Selling, distribution and administrative expenses (SD&A) consist of associate compensation, benefits and other expenses associated with selling, purchasing, warehousing, supply chain management, and providing marketing and distribution of the Company’s products, as well as costs associated with a variety of administrative functions such as human resources, information technology, treasury, accounting, legal, facility related expenses and expenses incurred with acquiring businesses. SD&A increased $9.5 million or 1.7% during fiscal 2017 compared to fiscal 2016, and as a percent of sales decreased to 21.7% from 21.9% in fiscal 2016. Changes in foreign currency exchange rates had the effect of increasing SD&A by $0.1 million or less than 0.1% compared to fiscal 2016. Additional SD&A from businesses acquired in fiscal 2017 added $8.2 million or 1.5% of SD&A expenses including $1.0 million associated with intangibles amortization. Excluding the impact of businesses acquired and the unfavorable impact from foreign currency translation, SD&A increased $1.2 million or 0.2% during fiscal 2017 compared to fiscal 2016. Excluding the impact of acquisitions, total compensation increased $12.9 million during fiscal 2017 compared to fiscal 2016 as a result of merit increases, improved Company performance, and increased costs related to health care claims. These increases were offset by severance expense and other restructuring charges related to consolidating facilities of $5.2 million of SD&A included in fiscal 2016 that did not reoccur during fiscal 2017. Also, excluding the impact of acquisitions, bad debt expense decreased $2.3 million during fiscal 2017 compared to fiscal 2016, due to improvement in aged receivables. Further, the Company recorded a gain of $1.6 million in fiscal 2017 related to the sale of five buildings during the year. All other expenses within SD&A were down $2.6 million.

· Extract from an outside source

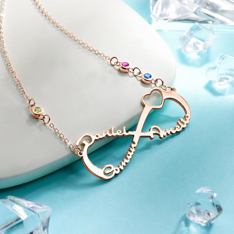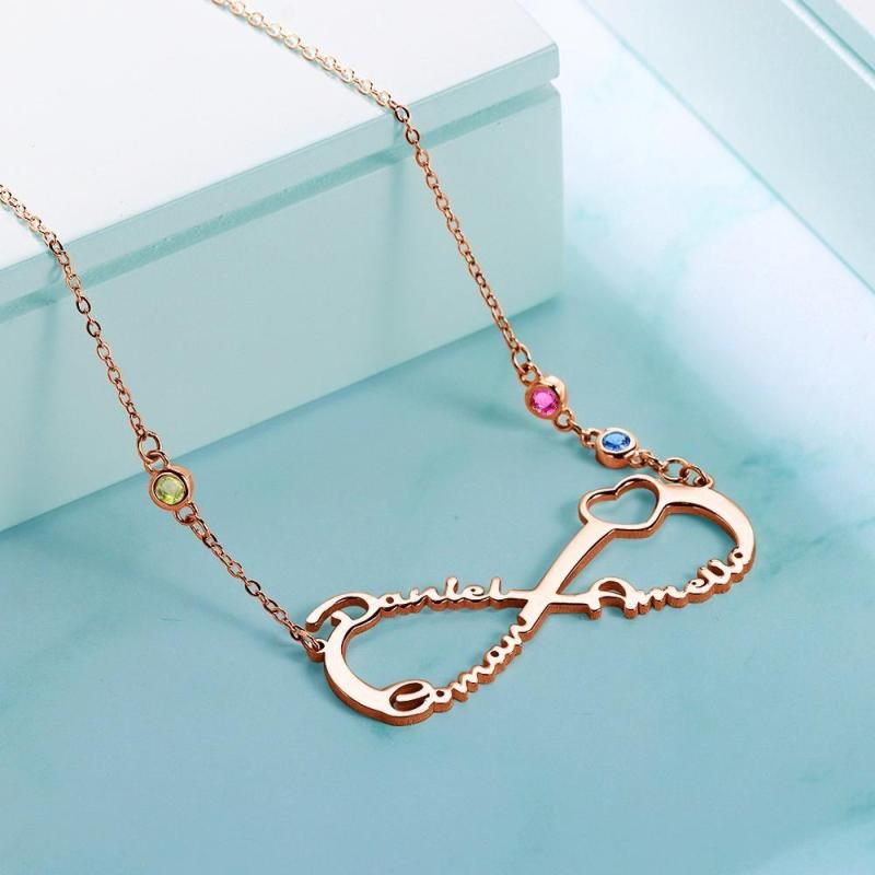 Collar con Nombre con Piedra Natal Personalizada Collar Infinito Regalos Familiares Chapado en Oro Rosa

During the third quarter of fiscal 2016, the Company performed its annual goodwill impairment test. As a result of this test, the Company determined that all of the goodwill associated with the Australia/New Zealand Service Center Based Distribution reporting unit was impaired as of January 1, 2016. This impairment was the result of the decline in the mining and extraction industries in Australia and the resulting reduced customer spending due to a decline in demand throughout Asia. Further, due to a sustained decline in oil prices and reduced customer spending in Canada, the Company determined that a portion of the goodwill associated with the Canada Service Center Based Distribution reporting unit was also impaired as of January 1, 2016. Accordingly, the Company recognized a combined non-cash impairment charge of $64.8 million for goodwill during fiscal 2016, which decreased net income by $63.8 million and earnings per share by $1.62. Changes in future results, assumptions, and estimates used in calculating the goodwill impairment test could result in additional impairment charges in future periods.

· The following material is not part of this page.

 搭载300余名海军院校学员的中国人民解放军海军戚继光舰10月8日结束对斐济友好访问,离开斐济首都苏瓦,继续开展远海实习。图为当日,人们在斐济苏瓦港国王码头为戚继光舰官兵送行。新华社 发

Operating income increased $85.6 million, or 95.3%, to $175.4 million during fiscal 2017 from $89.8 million during fiscal 2016, and as a percent of sales, increased to 6.8% from 3.6%. These increases were primarily due to the Company recognizing a non-cash goodwill impairment charge of $64.8 million and restructuring charges of $8.8 million during fiscal 2016 that did not reoccur during fiscal 2017, as well as higher sales volume in fiscal 2017.

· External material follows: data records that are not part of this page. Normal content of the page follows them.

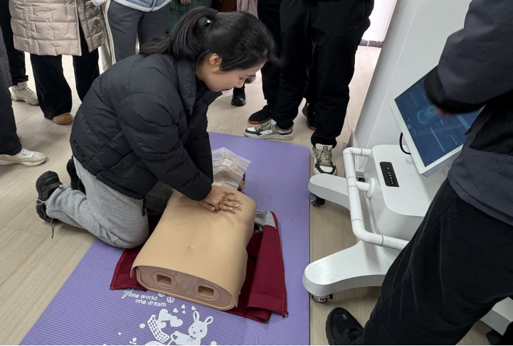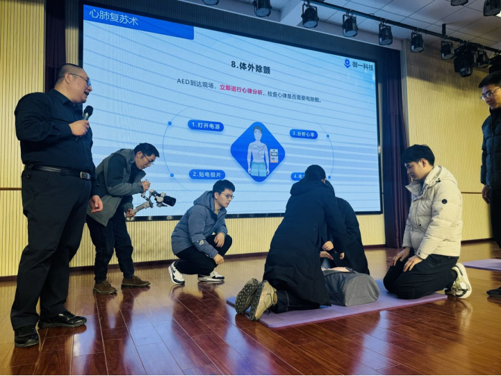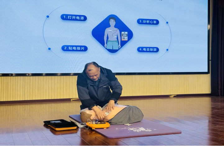 作为急救试点学校,宜昌市外国语高中积极响应急救教育普及号召,在硬件设施建设上大力投入,专门打造急救培训室,配备专业齐全的教学设备,用于开展系统的急救知识教学与实操训练。同时,在校园内人员密集区域合理安装AED装置,为师生的生命安全筑牢一道坚实防线。
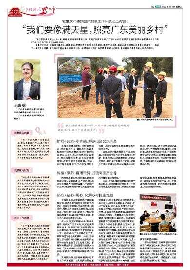 驻肇庆市德庆县凤村镇工作队队长王海丽: 王海丽 广东省水利厅驻肇庆市德庆县凤村镇帮镇扶村工作队队长 广东省水利水电科学研究院副院长 “我们要像满天星一样,一点一滴、踏踏实
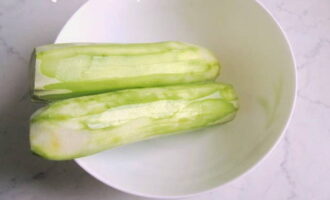 We wassen de geschilde courgette goed en vegen deze af met een katoenen handdoek.

Operating income as a percentage of sales for the Service Center Based Distribution segment was 5.3% in fiscal 2017 and fiscal 2016, before the goodwill impairment charge.
Operating income as a percentage of sales for the Fluid Power & Flow Control segment increased to 11.3% in fiscal 2017 from 10.1% in fiscal 2016. This increase was due to the positive leveraging impact from the increase in sales, primarily from our U.S. operations in this segment, in fiscal 2017.
Segment operating income is impacted by changes in the amounts and levels of certain supplier support benefits and expenses allocated to the segments. The expense allocations include corporate charges for working capital, logistics support and other items and impact segment gross profit and operating expense.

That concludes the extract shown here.